• Recorded data:
>>>

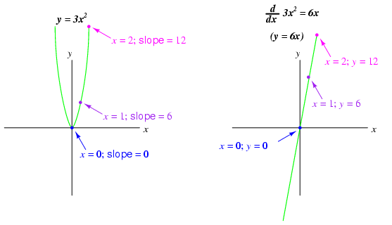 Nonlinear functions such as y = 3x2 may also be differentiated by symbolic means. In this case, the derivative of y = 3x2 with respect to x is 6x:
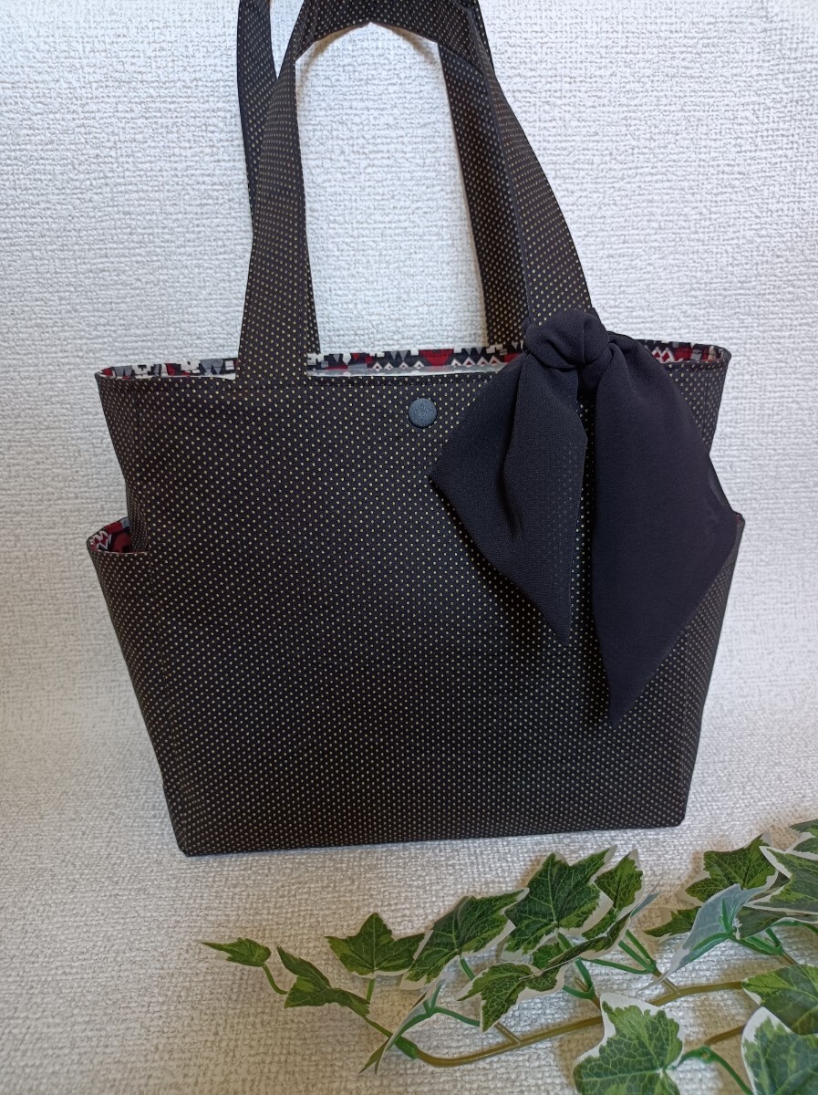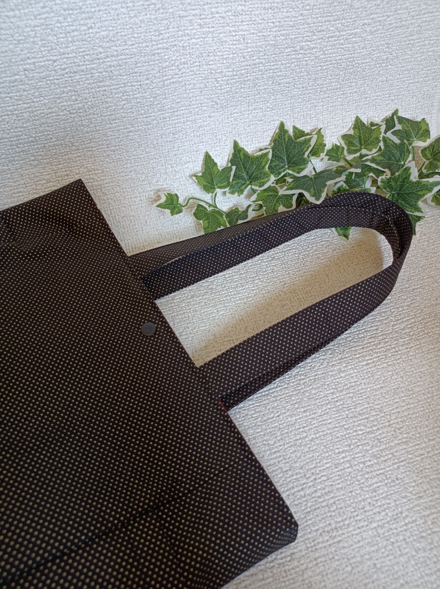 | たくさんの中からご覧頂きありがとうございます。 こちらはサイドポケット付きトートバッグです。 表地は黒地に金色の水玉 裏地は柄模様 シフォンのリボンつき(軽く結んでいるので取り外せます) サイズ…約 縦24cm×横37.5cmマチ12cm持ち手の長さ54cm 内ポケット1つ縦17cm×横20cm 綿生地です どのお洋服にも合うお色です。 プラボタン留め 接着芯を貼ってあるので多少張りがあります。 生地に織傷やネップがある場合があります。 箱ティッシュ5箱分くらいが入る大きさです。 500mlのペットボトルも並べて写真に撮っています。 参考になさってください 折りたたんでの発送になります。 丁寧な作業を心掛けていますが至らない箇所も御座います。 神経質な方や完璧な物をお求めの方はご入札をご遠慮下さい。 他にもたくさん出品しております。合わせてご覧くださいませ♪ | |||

<<<
>>>

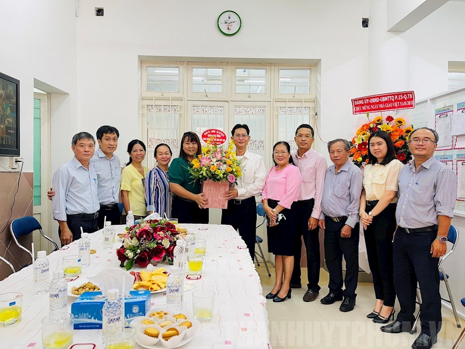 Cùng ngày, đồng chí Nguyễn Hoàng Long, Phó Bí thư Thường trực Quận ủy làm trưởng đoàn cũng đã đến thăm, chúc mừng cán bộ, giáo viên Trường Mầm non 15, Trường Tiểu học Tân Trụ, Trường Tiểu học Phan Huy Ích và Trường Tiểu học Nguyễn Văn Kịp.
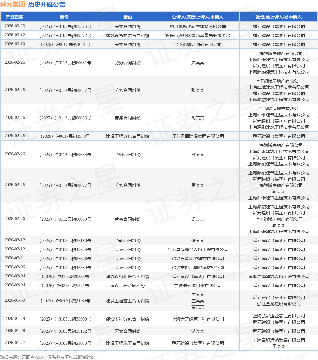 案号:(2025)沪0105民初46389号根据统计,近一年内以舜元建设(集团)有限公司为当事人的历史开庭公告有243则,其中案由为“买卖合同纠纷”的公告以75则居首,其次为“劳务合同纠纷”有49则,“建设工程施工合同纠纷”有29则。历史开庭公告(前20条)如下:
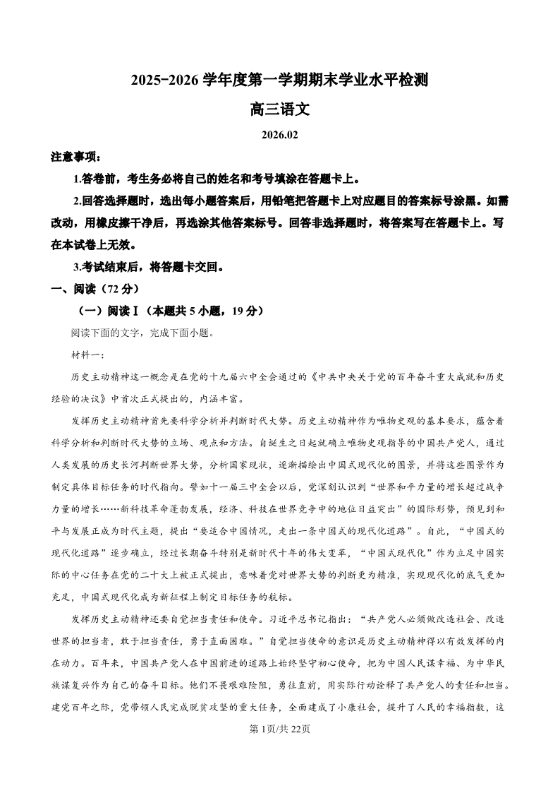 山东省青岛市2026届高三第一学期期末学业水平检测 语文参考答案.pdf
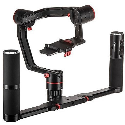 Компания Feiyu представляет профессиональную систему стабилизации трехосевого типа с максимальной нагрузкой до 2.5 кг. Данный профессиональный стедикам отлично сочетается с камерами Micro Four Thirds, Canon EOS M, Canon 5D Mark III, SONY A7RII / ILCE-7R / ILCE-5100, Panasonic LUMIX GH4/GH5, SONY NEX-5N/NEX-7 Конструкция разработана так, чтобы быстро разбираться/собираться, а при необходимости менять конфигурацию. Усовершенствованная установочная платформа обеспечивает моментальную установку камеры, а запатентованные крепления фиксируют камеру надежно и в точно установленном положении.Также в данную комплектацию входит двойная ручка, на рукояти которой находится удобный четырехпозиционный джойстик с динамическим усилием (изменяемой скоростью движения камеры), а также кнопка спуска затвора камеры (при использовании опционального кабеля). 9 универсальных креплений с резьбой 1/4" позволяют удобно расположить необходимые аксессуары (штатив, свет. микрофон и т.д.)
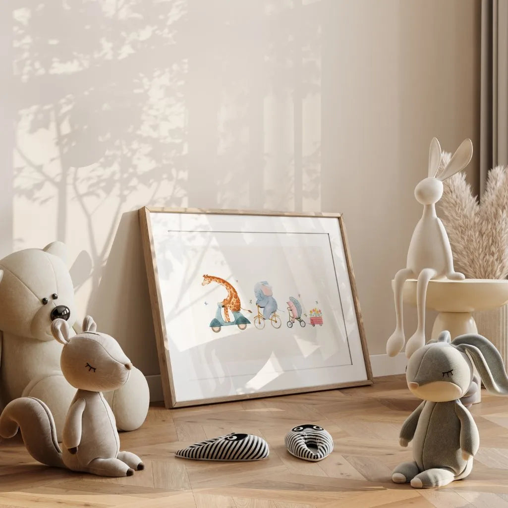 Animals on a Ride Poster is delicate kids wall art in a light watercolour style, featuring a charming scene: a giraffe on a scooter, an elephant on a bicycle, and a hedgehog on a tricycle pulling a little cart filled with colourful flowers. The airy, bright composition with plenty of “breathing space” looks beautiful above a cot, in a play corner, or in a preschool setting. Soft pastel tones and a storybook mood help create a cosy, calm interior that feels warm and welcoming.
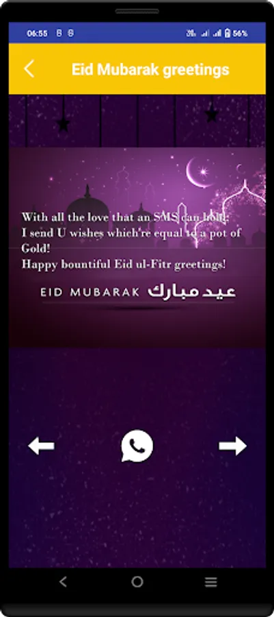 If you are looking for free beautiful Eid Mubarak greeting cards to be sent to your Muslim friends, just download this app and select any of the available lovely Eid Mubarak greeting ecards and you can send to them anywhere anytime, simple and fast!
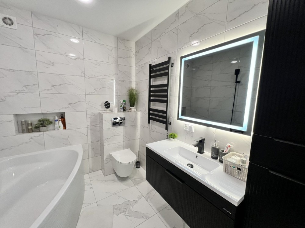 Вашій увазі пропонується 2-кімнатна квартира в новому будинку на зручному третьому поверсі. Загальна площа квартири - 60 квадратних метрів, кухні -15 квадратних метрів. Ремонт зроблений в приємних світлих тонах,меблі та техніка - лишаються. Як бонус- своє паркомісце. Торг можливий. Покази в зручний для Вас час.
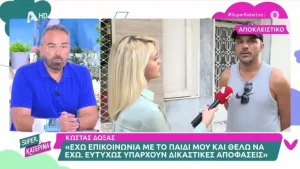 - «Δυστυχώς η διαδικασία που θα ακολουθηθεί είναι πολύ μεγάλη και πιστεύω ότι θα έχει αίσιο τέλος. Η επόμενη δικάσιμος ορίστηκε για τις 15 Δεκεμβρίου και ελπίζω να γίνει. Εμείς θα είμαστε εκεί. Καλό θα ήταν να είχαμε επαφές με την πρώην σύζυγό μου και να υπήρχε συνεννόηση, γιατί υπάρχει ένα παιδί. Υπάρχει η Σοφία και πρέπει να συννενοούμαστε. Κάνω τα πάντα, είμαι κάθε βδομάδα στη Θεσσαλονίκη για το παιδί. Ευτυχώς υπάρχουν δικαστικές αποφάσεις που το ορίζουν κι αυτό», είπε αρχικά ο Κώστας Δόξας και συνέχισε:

<<<
>>>

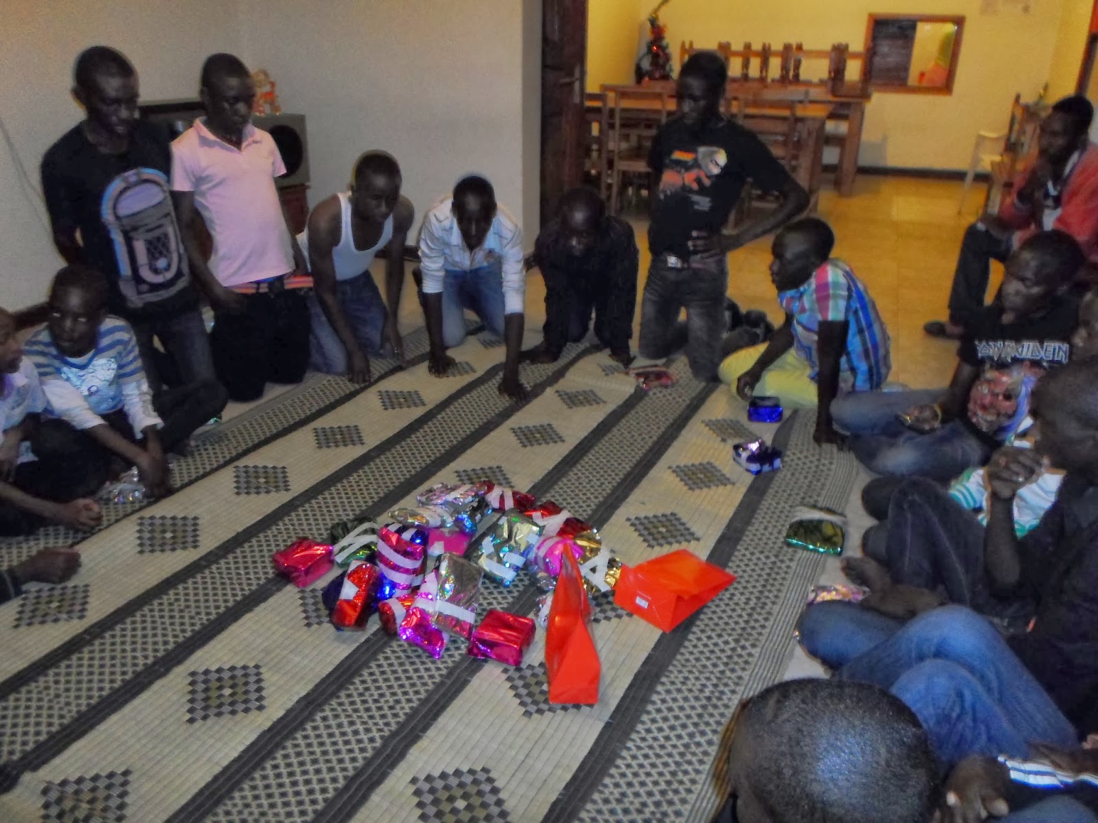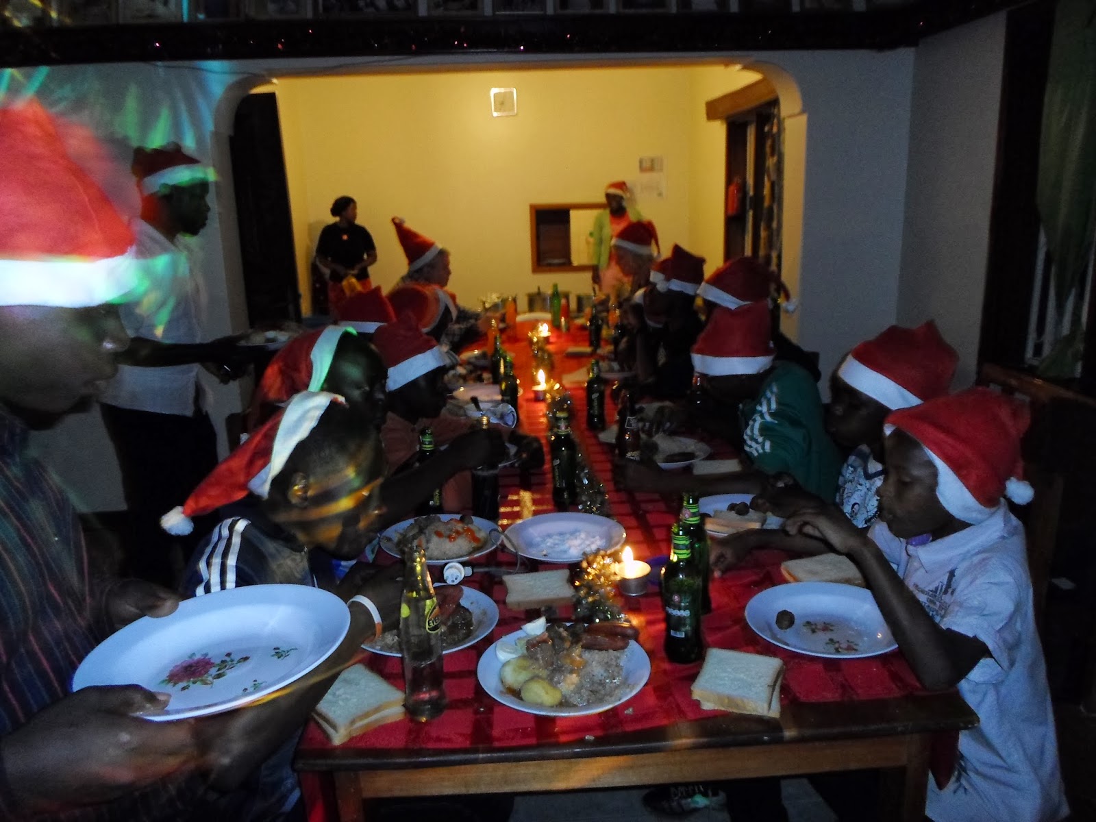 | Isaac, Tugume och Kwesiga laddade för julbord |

<<<

• Task item: Beginning with the line above that contains "Nonlinear functions such" and ending with the line that contains "他にもたくさん出品しております。合わせてご覧くださいませ♪ | |||", quote each line exactly, keeping out the pictures.

• Answer:
 Nonlinear functions such as y = 3x2 may also be differentiated by symbolic means. In this case, the derivative of y = 3x2 with respect to x is 6x:
 | たくさんの中からご覧頂きありがとうございます。 こちらはサイドポケット付きトートバッグです。 表地は黒地に金色の水玉 裏地は柄模様 シフォンのリボンつき(軽く結んでいるので取り外せます) サイズ…約 縦24cm×横37.5cmマチ12cm持ち手の長さ54cm 内ポケット1つ縦17cm×横20cm 綿生地です どのお洋服にも合うお色です。 プラボタン留め 接着芯を貼ってあるので多少張りがあります。 生地に織傷やネップがある場合があります。 箱ティッシュ5箱分くらいが入る大きさです。 500mlのペットボトルも並べて写真に撮っています。 参考になさってください 折りたたんでの発送になります。 丁寧な作業を心掛けていますが至らない箇所も御座います。 神経質な方や完璧な物をお求めの方はご入札をご遠慮下さい。 他にもたくさん出品しております。合わせてご覧くださいませ♪ | |||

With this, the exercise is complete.